(Dataset entries)
════════════════
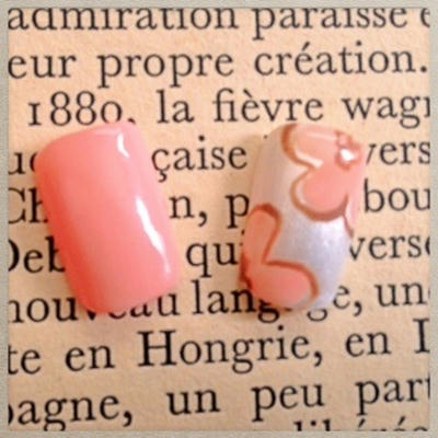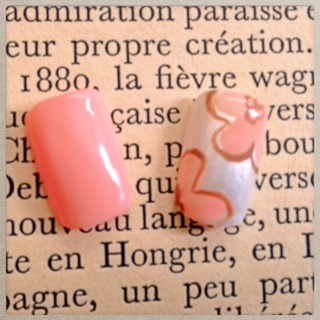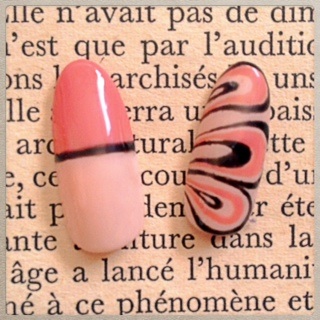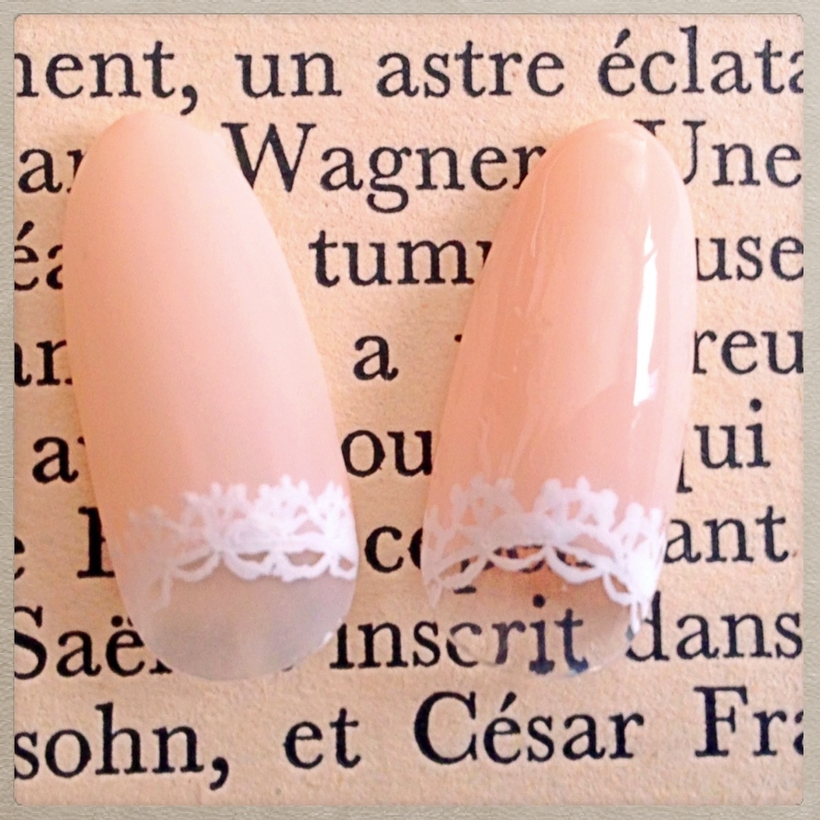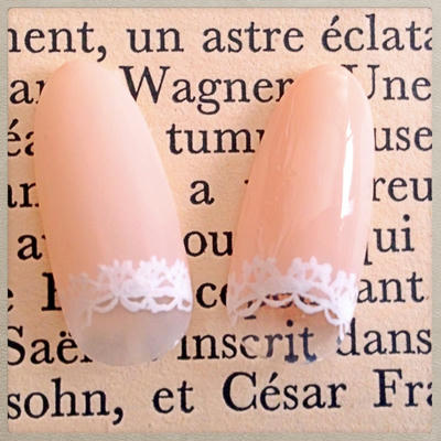 添付はオフィスネイルです。ベージュの逆フレンチに手描きレースをあしらってみました。左のチップはフロスティング加工をしています。
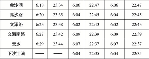 下沙江滨站和云水、文海南加入线网后,1号线各兄弟站的首末班发车时间也会相应微调,列车从文泽路站开到下沙江滨站大概需要10分钟。
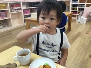 〇いちじくの観察・収穫という貴重な経験を通して、自然の恵みや旬を感じることができる。季節の果物や野菜など、保育士からの情報発信も必要である。また、その時々で子どもたちの興味・関心が膨らむように、見近な場所に絵本や図鑑を用意した。更なる環境設定を工夫していきたい。
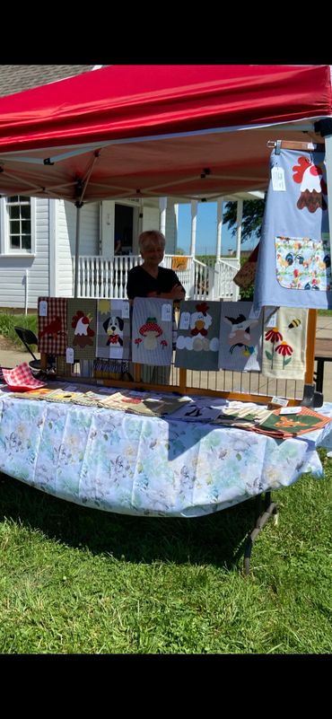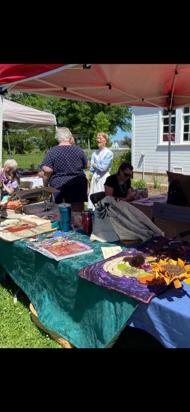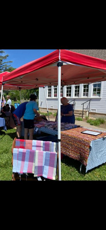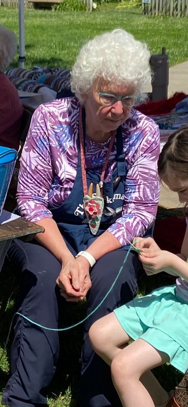 Mary Sturdevant and Lynn Schluns are working on rug punching and basket weaving.
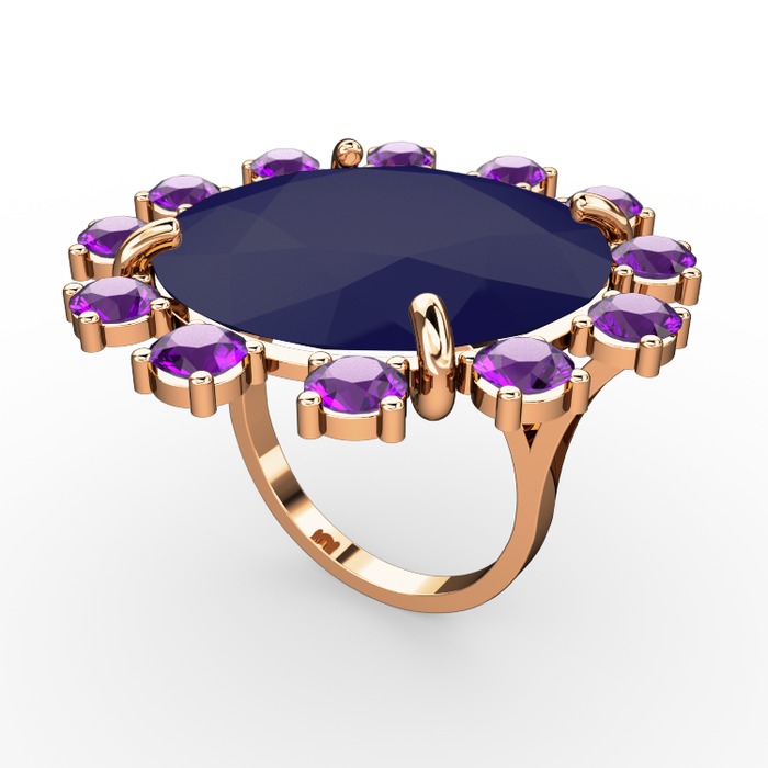 Lacivert akrilik ve ametist 8 ayar rose altın yüzük
════════════════
▶ **What you will do**: Give the lines exactly, from the first line of the entries to the line with "下沙江滨站和云水、文海南加入", both ends included. Skip the pictures.

▶ **Answer to this task**:
 添付はオフィスネイルです。ベージュの逆フレンチに手描きレースをあしらってみました。左のチップはフロスティング加工をしています。
 下沙江滨站和云水、文海南加入线网后,1号线各兄弟站的首末班发车时间也会相应微调,列车从文泽路站开到下沙江滨站大概需要10分钟。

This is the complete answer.